Once all the crabs are counted and measured, they are entered into a database that goes back to 1980. Bay's Study's Dungeness crab data have been used to help manage the commercial crab fishery because fisheries-independent data is valuable. From 1975 to 1978, an estimated 38-82% of the Dungeness crabs in the central California region rear in the San Francisco Estuary each year (Wilde and Tasto 1983). This dataset was also very helpful in tracking the introduction, expansion, and decline of the Chinese mitten crab (Eriocheir sinensis), which briefly took over the brackish regions of the estuary but declined as rapidly as it arrived (Figure 3. Rudnick et al 2003). Bay Study's crab data has also been combined with other datasets to see how the estuarine community as a whole responds to climate patterns and human impacts (Cloern et al. 2010).

However, a lot of questions remain to be asked of this dataset. Why did we see such high catch of Dungeness crabs in 2013 and 2016? What are the drivers between the lesser-studied crabs, such as the graceful rock crab? How does the salinity preference of each species of crab differ (Figure 4)? If you want to investigate these questions yourself, data are available on the CDFW file library website. But be careful, the data have a few hiccups in them, such as changes to sampling sites over time, missing samples during period of boat break-downs, and other caveats.

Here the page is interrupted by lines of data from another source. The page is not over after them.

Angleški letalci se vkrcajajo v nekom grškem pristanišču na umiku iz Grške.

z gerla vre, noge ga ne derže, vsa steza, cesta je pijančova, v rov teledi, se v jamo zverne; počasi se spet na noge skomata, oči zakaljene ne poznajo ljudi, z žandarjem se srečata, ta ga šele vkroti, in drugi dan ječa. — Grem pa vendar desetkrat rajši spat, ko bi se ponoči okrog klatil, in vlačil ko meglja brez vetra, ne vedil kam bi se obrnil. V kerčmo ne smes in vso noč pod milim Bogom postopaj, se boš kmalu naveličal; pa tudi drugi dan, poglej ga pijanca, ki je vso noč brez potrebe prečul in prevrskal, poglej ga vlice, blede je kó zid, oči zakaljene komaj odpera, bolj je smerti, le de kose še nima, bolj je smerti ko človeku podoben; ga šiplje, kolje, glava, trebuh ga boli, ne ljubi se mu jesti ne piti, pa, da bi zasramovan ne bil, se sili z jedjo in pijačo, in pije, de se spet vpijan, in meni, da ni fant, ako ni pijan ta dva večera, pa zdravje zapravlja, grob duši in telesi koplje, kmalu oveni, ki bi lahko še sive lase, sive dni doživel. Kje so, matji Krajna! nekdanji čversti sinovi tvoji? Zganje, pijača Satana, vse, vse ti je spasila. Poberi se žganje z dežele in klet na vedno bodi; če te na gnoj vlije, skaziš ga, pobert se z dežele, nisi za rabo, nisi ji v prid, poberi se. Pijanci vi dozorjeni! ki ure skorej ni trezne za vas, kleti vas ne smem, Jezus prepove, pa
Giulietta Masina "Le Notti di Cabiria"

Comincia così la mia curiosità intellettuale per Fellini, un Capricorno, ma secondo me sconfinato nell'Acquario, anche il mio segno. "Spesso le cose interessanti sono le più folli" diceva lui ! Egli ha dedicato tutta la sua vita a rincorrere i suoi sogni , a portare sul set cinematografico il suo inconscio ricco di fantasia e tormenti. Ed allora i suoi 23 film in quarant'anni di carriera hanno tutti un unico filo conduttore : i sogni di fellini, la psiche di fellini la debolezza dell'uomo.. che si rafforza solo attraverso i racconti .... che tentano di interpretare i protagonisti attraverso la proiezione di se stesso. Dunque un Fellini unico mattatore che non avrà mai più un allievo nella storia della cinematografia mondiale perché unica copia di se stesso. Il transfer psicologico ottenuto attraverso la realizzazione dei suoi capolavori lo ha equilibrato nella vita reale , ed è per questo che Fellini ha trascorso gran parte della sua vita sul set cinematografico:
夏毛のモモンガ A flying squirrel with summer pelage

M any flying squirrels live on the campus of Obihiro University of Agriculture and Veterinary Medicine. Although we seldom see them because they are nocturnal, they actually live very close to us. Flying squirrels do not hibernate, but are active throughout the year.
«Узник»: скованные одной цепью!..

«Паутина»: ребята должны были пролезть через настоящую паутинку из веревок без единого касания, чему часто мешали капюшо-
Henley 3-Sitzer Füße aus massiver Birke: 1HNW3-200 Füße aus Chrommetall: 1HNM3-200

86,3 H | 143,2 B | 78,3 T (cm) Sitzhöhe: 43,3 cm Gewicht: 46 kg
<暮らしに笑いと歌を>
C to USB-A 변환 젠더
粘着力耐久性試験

Be sure to read the metadata and make sure you understand the data before using them.

Further reading

• Baxter, R., K. Hieb, S. Deleon, K. Fleming, and J. Orsi. 1999. Report on the 1980-1995 fish, shrimp and crab sampling in the San Francisco Estuary (PDF), Interagency Ecological Program Technical Report 63. Stockton, California. 503 pages. 
• Cloern, J. E., K. A. Hieb, T. Jacobson, B. Sanso, E. Di Lorenzo, M. T. Stacey, J. L. Largier, W. Meiring, W. T. Peterson, T. M. Powell, M. Winder, and A. D. Jassby. 2010. Biological communities in San Francisco Bay track large-sale climate forcing over the North Pacific (PDF). Geophysical Research Letters 37(L21602):6 pages.
• Cloern, J. E., and A. D. Jassby. 2012. Drivers of change in estuarine-coastal ecosystems: Discoveries from four decades of study in San Francisco Bay. Reviews of Geophysics 50(4):RG4001. 
• Rudnick, D. A., K. Hieb, K. F. Grimmer, and V. H. Resh. 2003. Patterns and processes of biological invasion: The Chinese mitten crab in San Francisco Bay. Basic and Applied Ecology 4(3):249-262.
• Rudnick, D., T. Veldhuizen, R. Tullis, C. Culver, K. Hieb, and B. Tsukimura. 2005. A life history model for the San Francisco Estuary population of the Chinese mitten crab, Eriocheir sinensis (Decapoda: Grapsoidea). Biological Invasions 7(2):333. doi:
• Rudnick, D. A., K. M. Halat, and V. H. Resh. 2000. Distribution, Ecology and Potential Impacts of the Chinese Mitten Crab (Eriocheir sinensis) in San Francisco Bay. Technical Completion REPORT UCAL-WRC-W-881, University of California. 
• Wild, P. W, & Tasto, R. N. (1983). Fish Bulletin 172. Life History, Environment, and Mariculture Studies of the Dungeness Crab, Cancer Magister, With Emphasis on The Central California Fishery Resource. UC San Diego: Library – Scripps Digital Collection.